By investing in Recurve’s “shared services” model, law firms would receive access to services offered by strategic partners in the technology, real estate and staffing industries that Rosenbaum said will be announced at a later date. That will help law firms focus on what Rosenbaum said is their core business: carving out practice groups where they are known to deliver “real excellence.”
“Instead of law firms focusing on what they are best at— which is being great law firms— they are spending time trying to keep up with innovation,” Rosenbaum said. “And that isn’t even the business they’re in.”
Large law firms are still formulating strategies to compete with ALSPs, which Thomson Reuters says took in $10.7 billion in revenue in 2017, up from $8.4 billion in 2015. These providers are not allowed to practice law inside the U.S., due to bar rules on firm ownership, but have still become tough competitors with firms for elements of client business.
Some large firms have developed branches that sell services traditionally provided by ALSPs.
Orrick Herrington & Sutcliffe, for instance, has focused on mastering legal tasks like due diligence and document review in a West Virginia operation. Reed Smith’s GravityStack sells proprietary legal technology through a software-as-a-service model. Bryan Cave Leighton Paisner’s Cantilever division sells legal operations consulting services to clients. Wilson Sonsini Goodrich & Rosati has a document automation subsidiary.
“Law firms for years thought they could control their own destiny, and that’s just not true anymore,” said Janet Stanton, a business consultant for law firms at Adam Smith Esq. “So I’m glad that law firms are exploring the alternative service provider market. It’s happening. Some will fail, and some will succeed. But that’s kind of life in business land.”

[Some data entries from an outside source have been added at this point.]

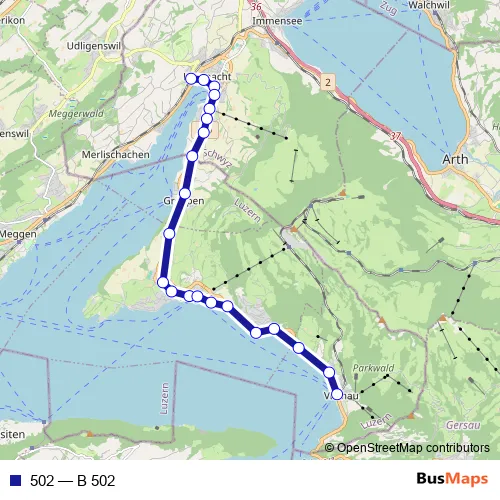 The first stop of the 502 bus route is Küssnacht am Rigi, Bahnhof and the last stop is Vitznau, Station. 502 (B 502) is operational during täglich.
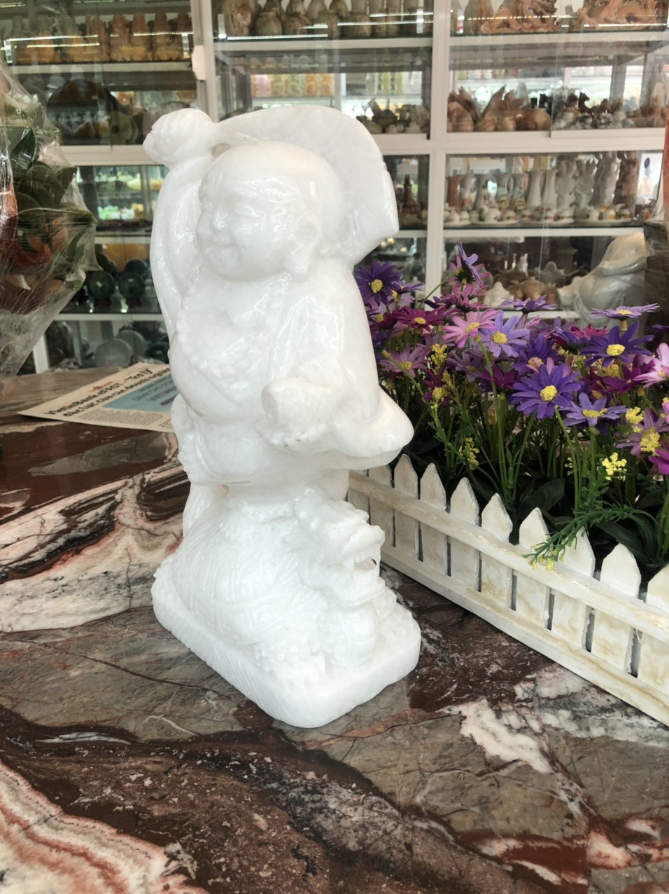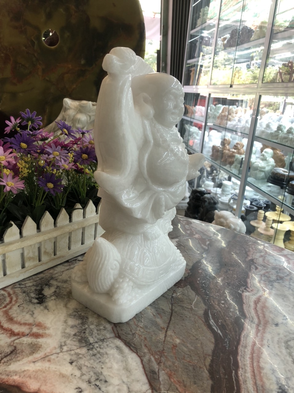 ✨Tượng Phật Di Lặc cưỡi Long Quy phong thủy đá cẩm thạch trắng - Cao 30 cm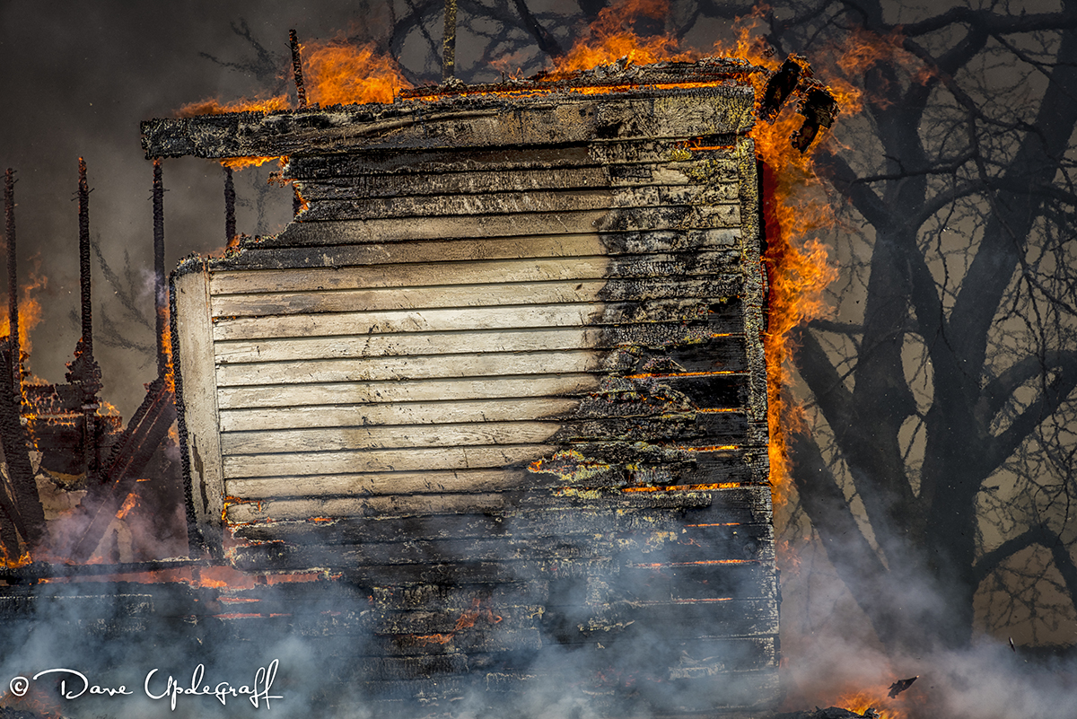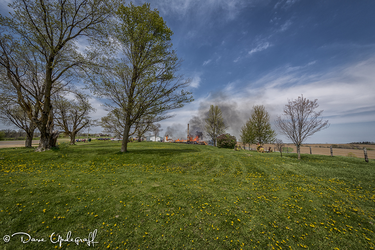 It jumped across the road and set an unharvested field of corn on fire as well as shown in the first image. I couldn’t get any closer to show the fire of the unharvested field. I was blocked by law enforcement. 🙂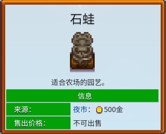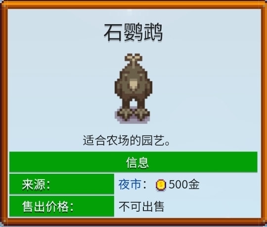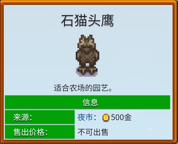 獲取方式:夜晚隨機事件,觸發該事件時,會先播放一段貓頭鷹的叫聲,隨後系統選擇的地塊上便會出現一個石貓頭鷹。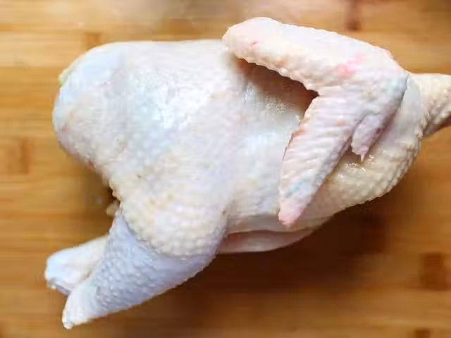 2、接著我們把20克的鹽焗雞粉抹在雞的全身,里里外外都要抹上,抹勻後,在撒適量的黑胡椒粉在雞的表面。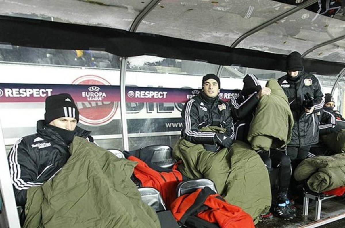 5 / 112010 | El frío durante los partidos, es peor para los que están en el banquillo que para los que juegan. Si no que se lo pregunten a los jugadores del Bayer Leverkusen que tuvieron que ir a jugar contra el Rosenborg. La temperatura bajó hasta los -15 grados, dejando congelados a los del banquillo. -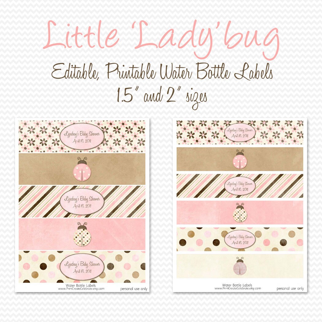 Water Bottle Labels Pink and Brown Ladybug Baby Shower ...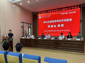 公司行政管理系赵润娣教授作为教师代表作了发言,她寄语2024级全体MPA新生要树立正确的世界观、人生观和价值观,牢记初心使命,勇于担当作为。并鼓励同学们要勤于思考、敢于实践,不断拓宽视野、增长才干、锤炼品格,为推动我国公共管理事业的发展贡献青春力量。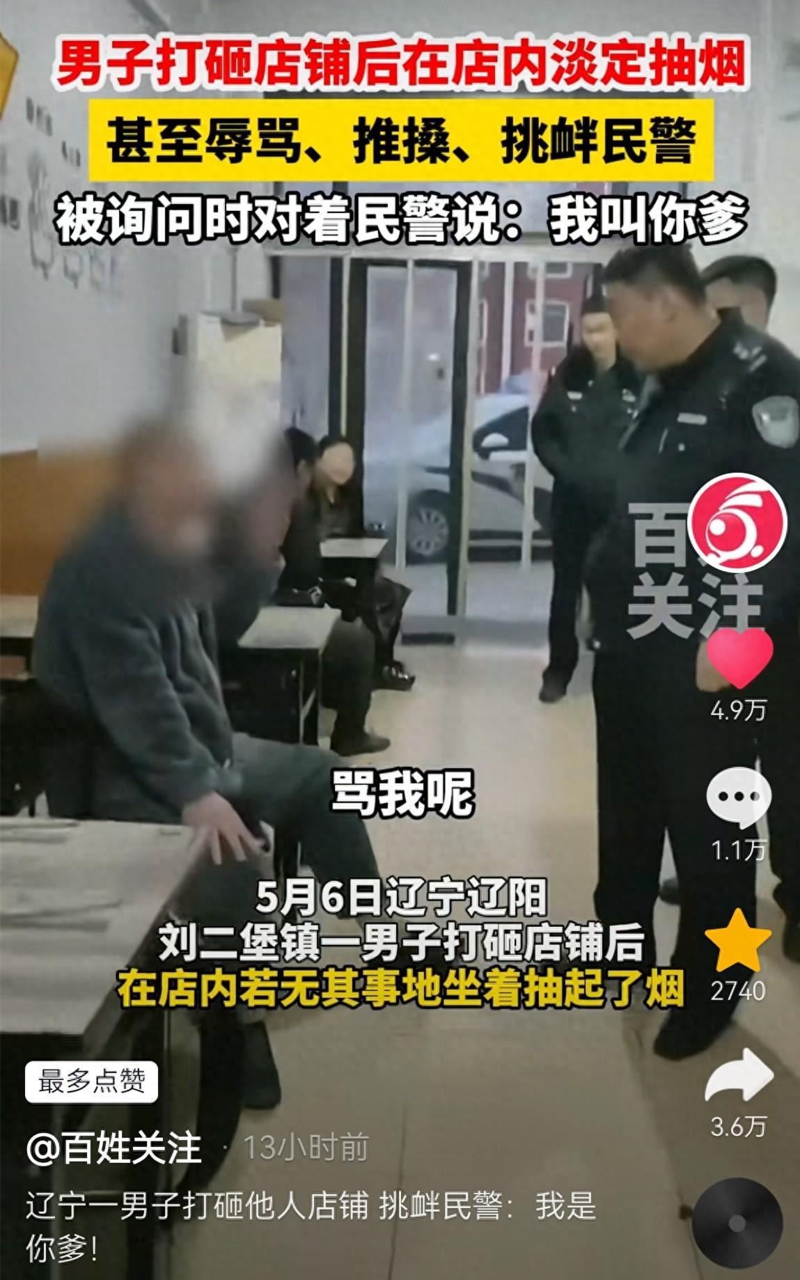5月7日,官媒百姓關注報道了遼寧一名男子打砸他人店鋪並挑釁民警的事情。

Rather than building technology, staffing or legal process outsourcing services itself, Recurve’s strategy envisions partnerships with existing businesses in those spaces.
Recurve’s expertise, Rosenbaum said, is knowing what types of services would solve specific client problems. Recurve’s staff of what it calls “architects” would build solutions to those problems without being tied to a specific firm.
“Today, when a client goes to a company or a law firm, they end up getting sold what that firm or that company owns,” Rosenbaum said. “Here, we are saying our job at Recurve, where people are independent of Greenberg Traurig, is to find the best solution to your problem, working closely with your trusted legal advisors.”